That's Gabriel Bassett from Verizon.
There's much more to our conversation than we have time for in The Daily Podcast,
and you can listen to the full interview on our website when you sign up for CyberWire Pro. While security isn't something
organizations can easily cut during periods of stress, the larger tech sector nor its security
subsector have proven immune from the economic effects of the pandemic. While IT and security
businesses haven't been as hard hit as those in other industries, and the COVID-19 downturn has been particularly hard on media shops, they too have had to endure lower revenue and in some cases lay off employees.
Checkmarks, for one, on Monday said it was laying off dozens of staff. The company's CEO, Emmanuel Benziquin, suggested that restructuring had been in the plans for some time, saying, quote,
We didn't do it earlier because of the exit and the coronavirus crisis, but now it is time to make some changes, end quote.

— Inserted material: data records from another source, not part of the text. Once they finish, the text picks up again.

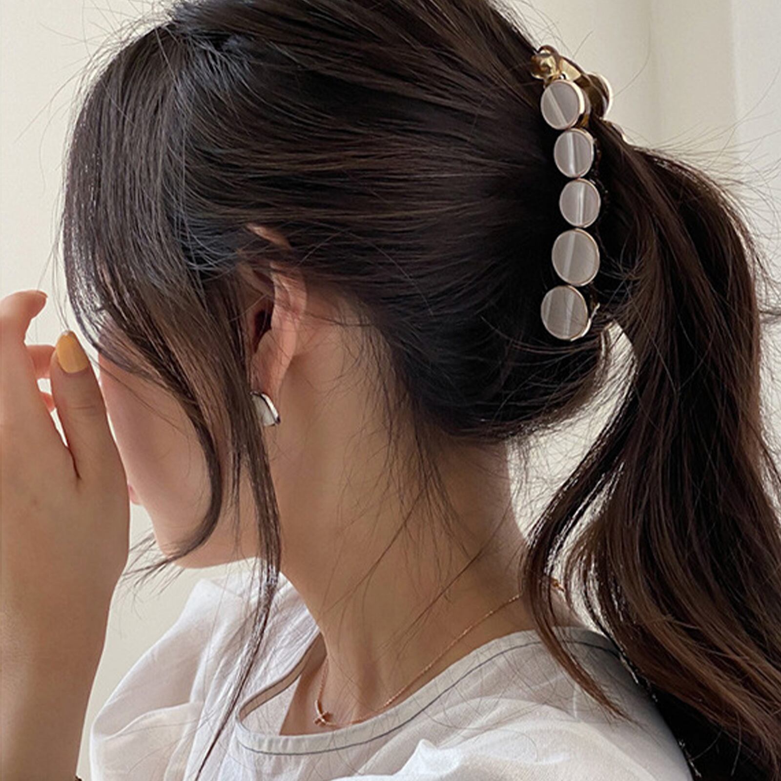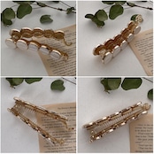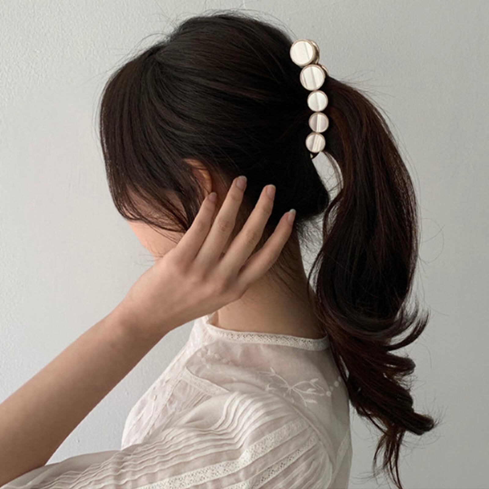 このバナナクリップは、光沢感のある大理石風デザインが魅力のLサイズヘアアクセサリーです。軽量なポリスチレン樹脂素材と縦型カーブ設計で、しっかりと髪をホールドし、ポニーテールやハーフアップなどのアレンジが簡単に決まります。上品でエレガントなデザインは、普段使いはもちろん、特別なシーンにもぴったりです。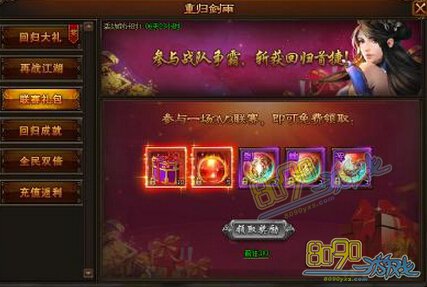 活动内容:活动期间,只要全服回归老玩家人数达到指定数目,全服等级大于等于75级的玩家即可在指定时间内领取丰厚奖励如传说秘卷礼盒、装备精炼石、元魂珠等珍贵道具。喜迎故友归,全服同赠礼!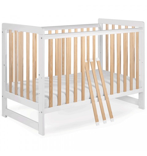 Łóżeczko posiada płaskie szczebelki o szerokości 34 mm. oraz pozaokrąglane krawędzie listew.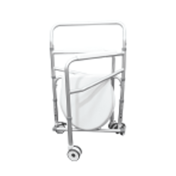 Silla Liviana, plegable y con altura ajustable. Ideal para personas con movilidad reducida; esta silla cuenta con estructura en acero cromado, facilita el uso del sanitario y el traslado seguro dentro del hogar. Cuenta con ruedas con bloquep en las traseras y recipiente sanitario con tapa.
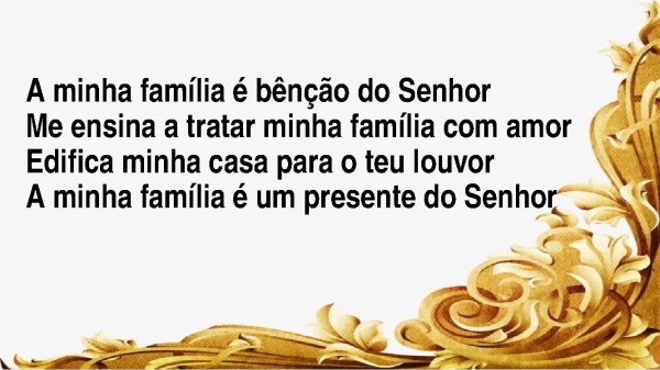 - A minha família é bênção do SenhorMe ensina a tratar minha família com amorEdifica minha casa para o teu louvorA minha família é um presente do Senhor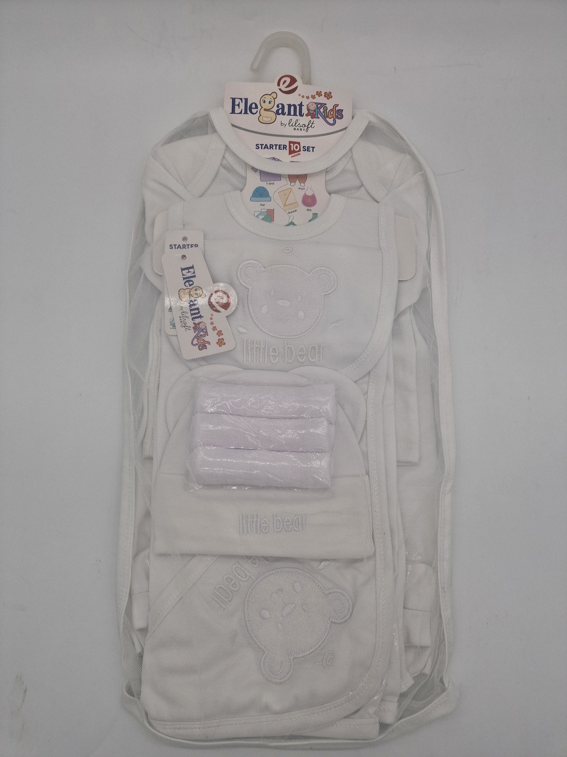 Elegant Kids lilsoft Baby 10 Piece Starter Set Little Bear Design In White
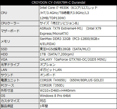 「CROYDON CY-IV6X79M-C Durandal」(基本構成売価税込216,800円)は、PCケースにCORSAIR「Obsidian 350D」を採用。CPUはIntel Core i7-4930Kで、マザーボードにはASRock「X79 Extreme4-MJ」をチョイス。SanMax DDR3-1600 32GB(8GB×4)、東芝HG5d採用SSD 128GB、1TB HDD等で構成される。なおOSはWindows 8 64bitで、各種カスタマイズに対応。モニタや入力デバイスは別売り。

It's part of building for the long term, and while the pandemic has affected the company like everyone else, he expects to emerge stronger from the other side of the emergency.
like everyone else, he expects to emerge stronger from the other side of the emergency.
The private equity firm Hellman & Friedman LLC finalized its purchase of check marks in April,
paying $1.15 billion for the company. The lesson CTEK observes is that even unicorns aren't immune to COVID-19. And finally, remember that there are security companies who are still hiring, even during the pandemic.
May we suggest they take a look at people who've recently been laid off.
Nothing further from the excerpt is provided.